Paul uses this and other potential AI algorithms as benchmarks to beat—we need to build aligned AI algorithms that achieve similar results as these benchmarks. The further we are from hitting the same metrics, the larger the incentive to use the unaligned AI algorithm.
Iterated amplification could potentially solve the issues with this algorithm. The key idea is to always be able to cash out the learned dynamics and reward models as the result of (a large number of) human decisions. In addition, the models need to be made robust to worst case inputs, possibly by using these techniques. In order to make this work, we need to make progress on robustness, amplification, and an understanding of what bad behavior is (so that we can argue that it is easy to avoid, and iterated amplification does avoid it).
Rohin’s opinion: I often think that the hard part of AI alignment is actually the strategic side of it—even if we figure out how to build an aligned AI system, it doesn’t help us unless the actors who actually build powerful AI systems use our proposal. From that perspective, it’s very important for any aligned systems we build to be competitive with unaligned ones, and so keeping these sorts of benchmarks in mind seems like a really good idea. This particular benchmark seems good—it’s essentially the AlphaGo algorithm, except with learned dynamics (since we don’t know the dynamics of the real world) and rewards (since we want to be able to specify arbitrary tasks), which seems like a good contender for “powerful AI system”.
Fixed point sequence
Fixed Point Exercises(Scott Garrabrant): Scott’s advice to people who want to learn math in order to work on agent foundations is to learn all of the fixed-point theorems across the different areas of math. This sequence will present a series of exercises designed to teach fixed-point theorems, and will then talk about core ideas in the theorems and how the theorems relate to alignment research.
Rohin’s opinion: I’m not an expert on agent foundations, so I don’t have an opinion worth saying here. I’m not going to cover the posts with exercises in the newsletter—visit the Alignment Forum for that. I probably will cover the posts about how the theorems relate to agent foundations research.

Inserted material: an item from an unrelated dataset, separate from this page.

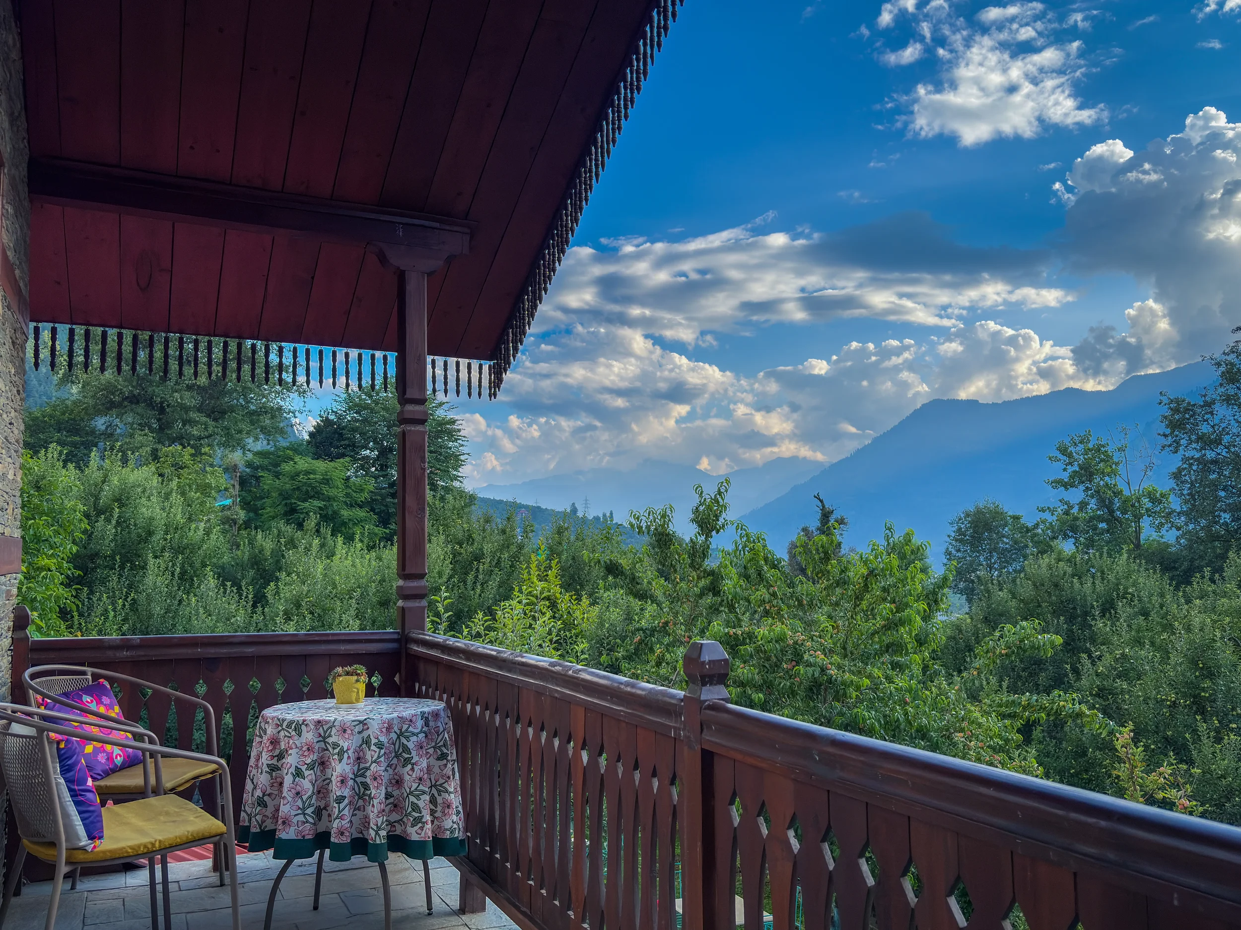 You're living inside a working apple orchard. The seasons change around you — blossoms in spring, heavy branches in autumn, bare trees in winter. Candlelit dinners under the Milky Way, bonfires in the garden, cooking classes for siddu and momos, village walks that take you into daily Himachali life, sunsets that stop you mid-sentence. The gupshup room when you want to do nothing at all. This is the unhurried part of the stay most people don't want to leave.

Acknowledging Human Preference Types to Support Value Learning(Nandi, Sabrina, and Erin): Humans often have multiple “types” of preferences, which any value learning algorithm will need to handle. This post concentrates on one particular framework—liking, wanting and approving. Liking corresponds to the experience of pleasure, wanting corresponds to the motivation that causes you to take action, and approving corresponds to your conscious evaluation of how good the particular action is. These correspond to different data sources, such as facial expressions, demonstrations, and rankings respectively. Now suppose we extract three different reward functions and need to use them to choose actions—how should we aggregate the reward functions? They choose some desiderata on the aggregation mechanism, inspired by social choice theory, and develop a few aggregation rules that meet some of the desiderata.

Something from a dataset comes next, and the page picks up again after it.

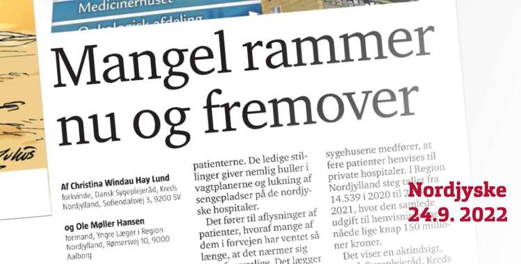 Manglen på personale på sygehusene medfører, at fere patienter henvises til private hospitaler. I Region Nordjylland steg tallet fra 14.539 i 2020 til 21.471 i 2021, hvor den samlede udgift til henvisningerne nåede lige knap 150 millioner kroner. Det viser en aktindsigt, Dansk Sygeplejeråd, Kreds Nordjylland har fået. Ofte tager privathospitalerne de patienter, der har de mindst komplicerede forløb, så de mere komplicerede forløb stadig skal varetages i det offentlige sundhedsvæsen. Det presser de ansatte yderligere, fordi der tælles i antal patienter, ikke i kompleksitet. Samtidig forringer det også uddannelsen af lægerne, der også har brug for mange forholdsvis ukomplicerede operationer for at øve teknikkerne.

Rohin’s opinion: I’m excited to see work on dealing with conflicting preference information, particularly from multiple data sources. To my knowledge, there isn’t any work on this—while there is work on multimodal input, usually those inputs don’t conflict, whereas this post explicitly has several examples of conflicting preferences, which seems like an important problem to solve. However, I would aim for a solution that is less fixed (i.e. not one specific aggregation rule), for example by an active approach that presents the conflict to the human and asks how it should be resolved, and learning an aggregation rule based on that. I’d be surprised if we ended up using a particular mathematical equation presented here as an aggregation mechanism—I’m much more interested in what problems arise when we try to aggregate things, what criteria we might want to satisfy, etc.
Evaluating Robustness of Neural Networks with Mixed Integer Programming(Anonymous): I’ve only read the abstract so far, but this paper claims to find the exact adversarial accuracy of an MNIST classifier within an L infinity norm ball of radius 0.1, which would be a big step forward in the state of the art for verification.
ImageNet-trained CNNs are biased towards texture; increasing shape bias improves accuracy and robustness(Anonymous) (summarized by Dan H): This paper empirically demonstrates the outsized influence of textures in classification. To address this, they apply style transfer to ImageNet images and train with this dataset. Although training networks on a specific corruption tends to provide robustness only to that specific corruption, stylized ImageNet images supposedly lead to generalization to new corruption types such as uniform noise and high-pass filters (but not blurs).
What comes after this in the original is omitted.